The following extremely simplified DataFrame represents a much larger DataFrame containing medical diagnoses:
medicalData = pd.DataFrame({'diagnosis':['positive','positive','negative','negative','positive','negative','negative','negative','negative','negative']})
medicalData
diagnosis
0 positive
1 positive
2 negative
3 negative
4 positive
5 negative
6 negative
7 negative
8 negative
9 negative
Problem: For machine learning, I need to randomly split this dataframe into three subframes in the following way:
trainingDF, validationDF, testDF = SplitData(medicalData,fractions = [0.6,0.2,0.2])
...where the split array specifies the fraction of the complete data that goes into each subframe.
np.array_split
If you want to generalise to n
splits, np.array_split
is your friend (it works with DataFrames well).

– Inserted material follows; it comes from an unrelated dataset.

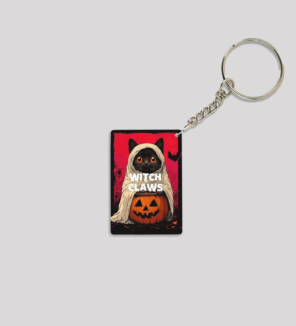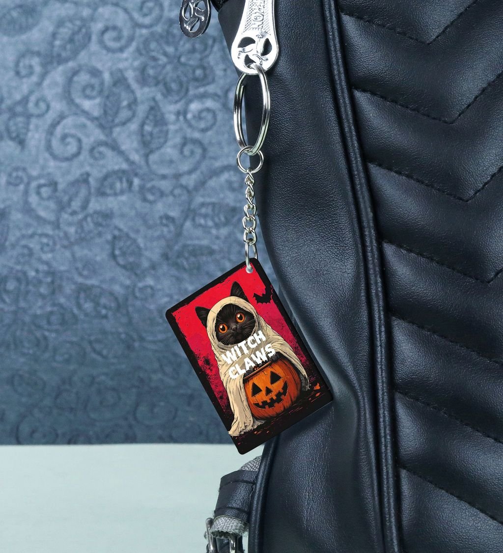 Cute Halloween Cat in Witch Costume Printed Keychain Pack of 2

fractions = np.array([0.6, 0.2, 0.2])
# shuffle your input
df = df.sample(frac=1)
# split into 3 parts
train, val, test = np.array_split(
df, (fractions[:-1].cumsum() * len(df)).astype(int))
train_test_split
A windy solution using train_test_split
for stratified splitting.
y = df.pop('diagnosis').to_frame()
X = df
X_train, X_test, y_train, y_test = train_test_split(
X, y,stratify=y, test_size=0.4)
X_test, X_val, y_test, y_val = train_test_split(
X_test, y_test, stratify=y_test, test_size=0.5)
Where X
is a DataFrame of your features, and y
is a single-columned DataFrame of your labels.